I am trying to come up with a normalization for a set of data. My company puts our products through a series of testers (people) to score our products on key metrics. I am able to access all records from each tester and when I look at the averages, I find that some testers always have scores higher than the standard deviation and some testers always have scores below the standard deviation. Since we only have 3-4 testers on each product, this variance in testers could impact our decision on products.

I was able to calculate a Z-Score for each tester. I was thinking about using this to create some form of normalization factor that I could apply to their raw scores. I didn't think using a z-score transformation was the right approach as this process is using a z-score from a different data set. I want the normalization to be using the testers scores and applying that to the products overall score.

Is this the right approach? I'm not the best at statistics so maybe there is a totally different method that works better.

Thank you

Further info:
Testers will have already tested hundreds of products (depends on how long they've been on staff). Products are randomly assigned to testers, testers never test the same product twice. They will typically score on 8 keys areas on a scale of 1-5 per product. We take an average of these scores to come up with the tester's final score (average). The products are then then sent to other testers for their averages. The testers scores are all averaged together to get a final score.
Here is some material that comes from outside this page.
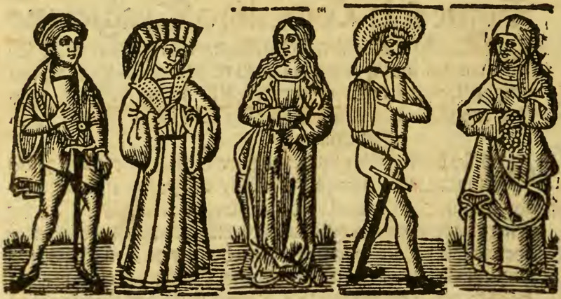 This image depicts multiple events in the first act. On the right, we see what is, presumably, the scene in which Sempronio visits Celestina to request her assistance on behalf of Calisto. To the left of this, the interaction between two figures is likely intended to represent the scene in which Calisto first encounters Melibea. The leftmost figure could be either Pármeno or Crito, although Pármeno’s relationship with Calisto, along with his greater importance in the narrative, signals that this is likely meant to represent Pármeno. Celestina is depicted wearing a robe and veil, with a rosary in her right hand. Melibea is wearing a robe. The three male figures are wearing hats, while Pármeno and Sempronio have swords.[The figures in this illustration are used in multiple other illustrations throughout this edition.]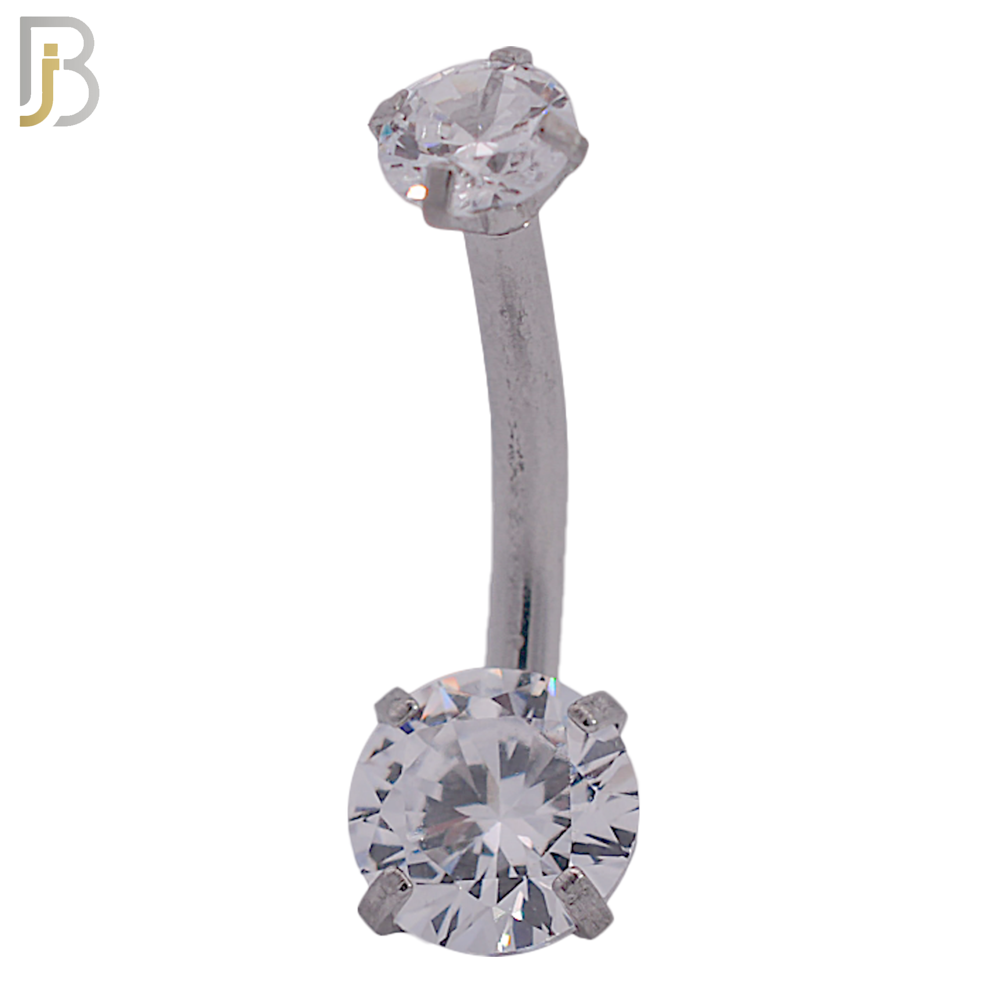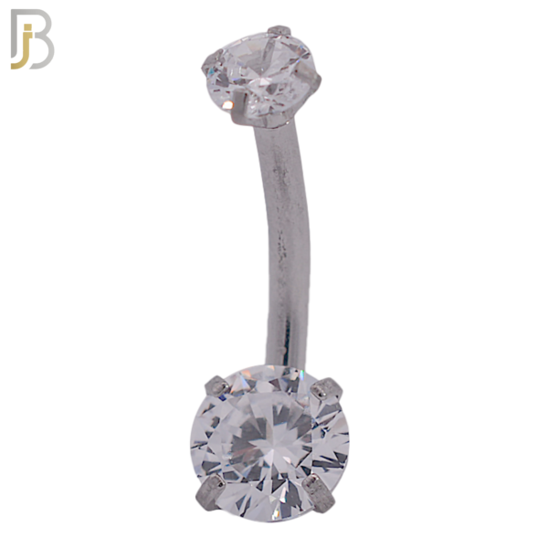 316L Stainless Steel Double Round Zircon in Prong Setting Belly Ring and 5mm Screw Ball (1.6 x 10 x 6cz x 4cz)

I know sometimes averaging averages can be bad, but in this case, the scale of ratings (1-5) never changes, so I believe it works here.

Best Answer

I interpret your approach as fitting a simple model to existing data. Subsequently you apply the fitted model to predict parameters for new products, which is perfectly OK.
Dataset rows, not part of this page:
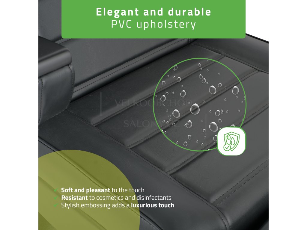 Područky jsou otočné o 180° a plně odnímatelné, čímž se přizpůsobí jak klientům, tak terapeutům. Čalounění z kvalitního PVC je odolné a snadno se čistí. Stylový design doplňují decentní dřevěné detaily a ozdobné prošití, které dělají z lehátka atraktivní prvek interiéru.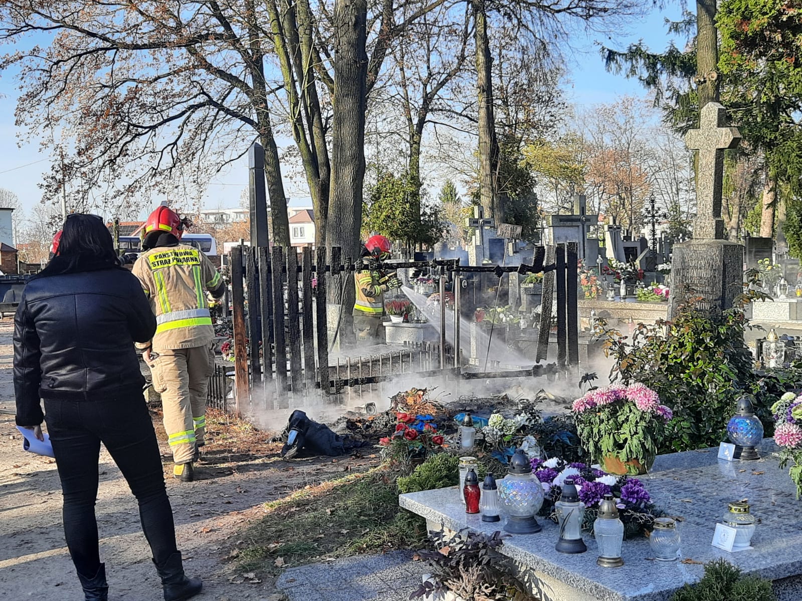 Kłęby dymu i ogień - taki widok spotkał dziś odwiedzających groby na tzw. starym cmentarzu w Białej Podlaskiej.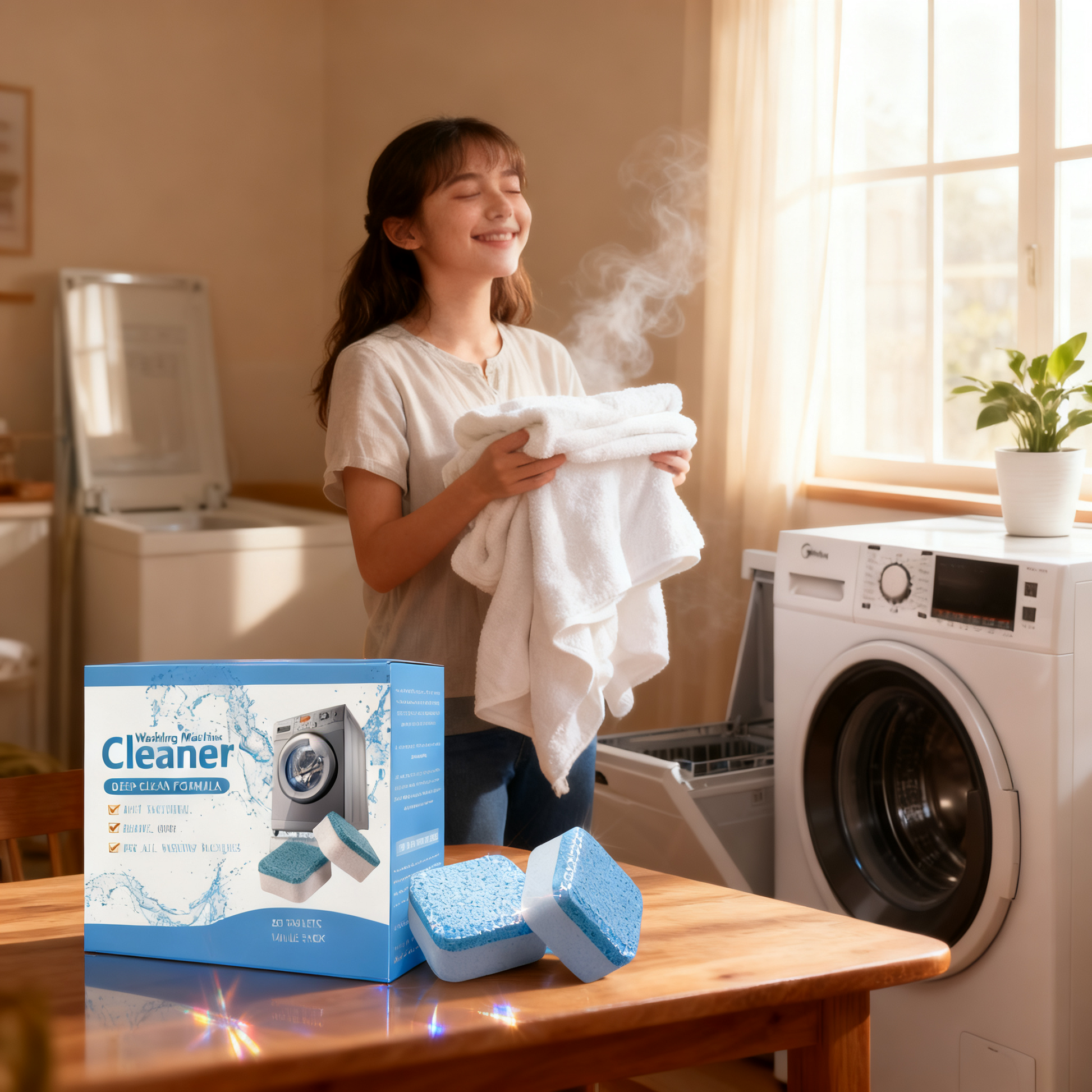 Ahora María usa estas tabletas una vez al mes. Su lavadora funciona perfectamente. Su ropa huele a limpio de verdad. Y nunca más tuvo que llamar al técnico por ese problema.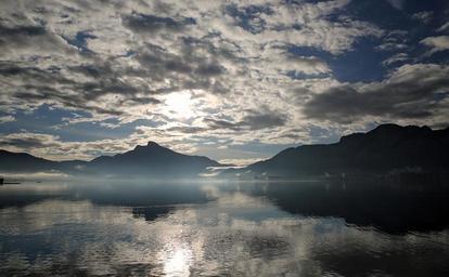 Keywords: clouds sky blue dark clouds clouds form covered sky above the clouds evening sky spotlight landscape lake mirroring water wave nature atmosphere romance romantic weather mood natural atmospheric refraction sun distant view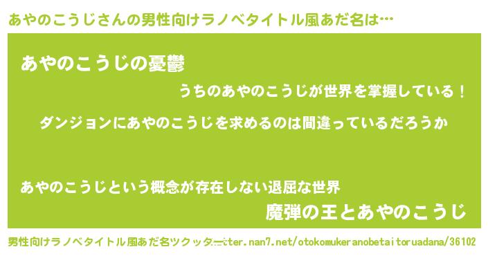 | ヒーロー風カッコイイあだ名 | 『暗黒騎士アヤ』『スーパーアヤノコウジ』 |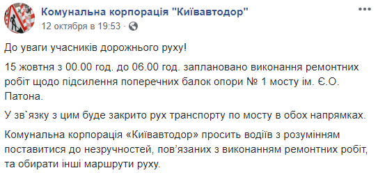 "15 октября с 00:00 до 06:00 запланировано выполнение ремонтных работ по усилению поперечных балок опоры № 1 моста им. Патона. В связи с этим будет закрыто движение транспорта по мосту в обоих направлениях", – говорится в сообщении.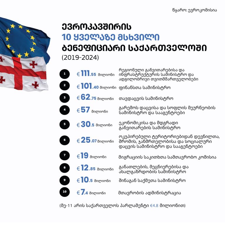 ევროკომისიის მონაცემების ბოლო ანალიზის საფუძველზე, 2019-2024 წლებში საქართველოს სამინისტროებისა და სხვა სახელმწიფო ინსტიტუტების მიერ მიღებული ევროკავშირის დაფინანსება 517 მილიონ ევროს შეადგენდა.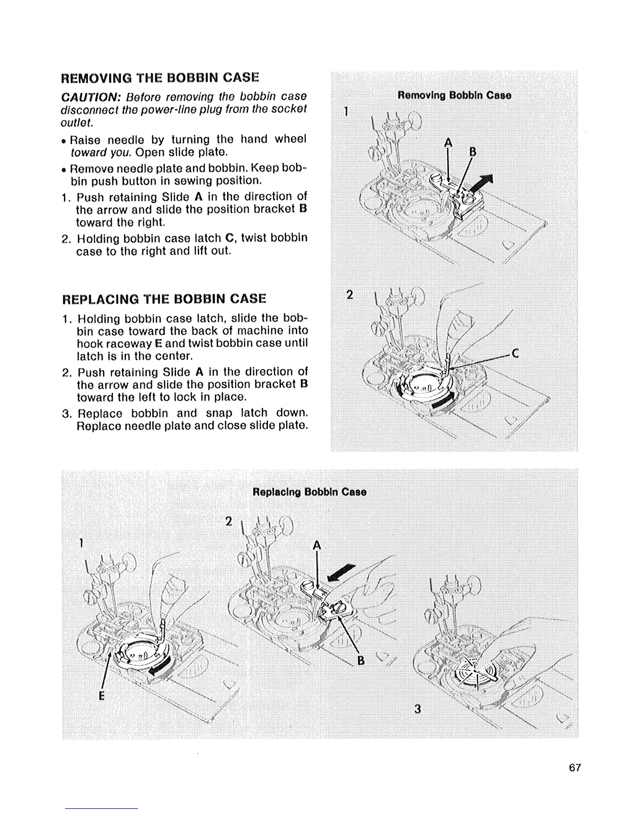 Singer 290 - Removing the Bobbin Case; Replacing the Bobbin Case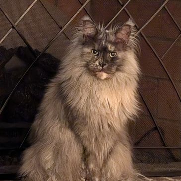 Artemis is a tortie smoke Maine Coon who prefers to observe quietly before committing — but once she does, she commits completely. Shy at first, she watches carefully, learns routines, and chooses her people with intention.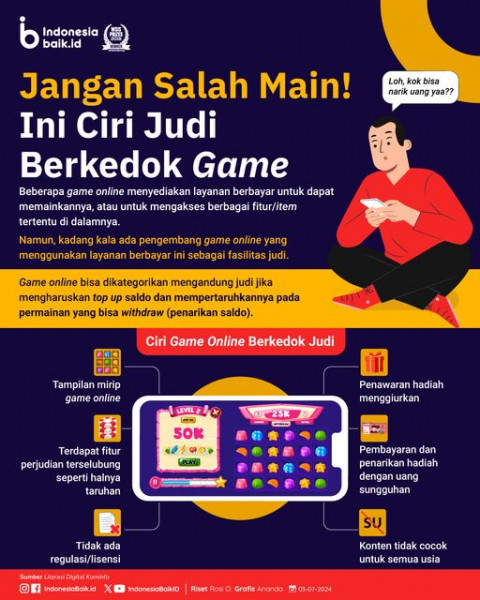 Jangan Salah Main! Ini Ciri Judi Berkedok GameBeberapa game online menyediakan layanan berbayar untuk dapat memainkannya, atau untuk mengakses berbaga...

This is the model, in technical terms:

Each product has a hidden "true" quality measure $x$ (the z-score).
For a randomly chosen product from the (hypothetical) population, containing the known and all possible future products, we get a random quality measure $X$. This random variable has mean $\mathrm{E}X = 0$ and variance $\mathrm{Var} X=1$, but is not necessarily normal distributed.
When the product $i$ is tested by tester $j$ , it gets assigned and average score $Y_{ij}$ within $[0, 5]$. This average score depends on the tester - some tend to give higher scores, some tend to give very similar scores to almost all products. And then there are random fluctuations on top of it. Let $\mu_j$ be the (theoretical) mean score given by tester $j$, and $\sigma_j$ be a scale factor, and $E_{ij}$ the random fluctuations, then $$ Y_{ij} = \sigma_j x_i + \mu_j + E_{ij}.$$ Your proceed now by estimating $\mu_j$ and $\sigma_j$ for each tester from the data, and for a new product, you predict the score $x$ from observed $y_{ij}$. I don't know exactly how you are doing this, but probably you have noticed that you get different results depending on $j$ when you just invert the model and calculate $$ \hat{x}_{i(j)} = \frac{y_{ij} - \hat\mu_j}{\hat\sigma_j}. $$ As a quick fix for discrepancies, I suggest to to just take the average of these fitted values as your guess for the true z-score, $$ \hat{x_i} = \frac{1}{n_i}\sum_{j=1}^{n_i}\frac{y_{ij} - \hat\mu_j}{\hat\sigma_j}. $$ Here $j=1,\dots, n_i$ indexes the testers that scored product $i$.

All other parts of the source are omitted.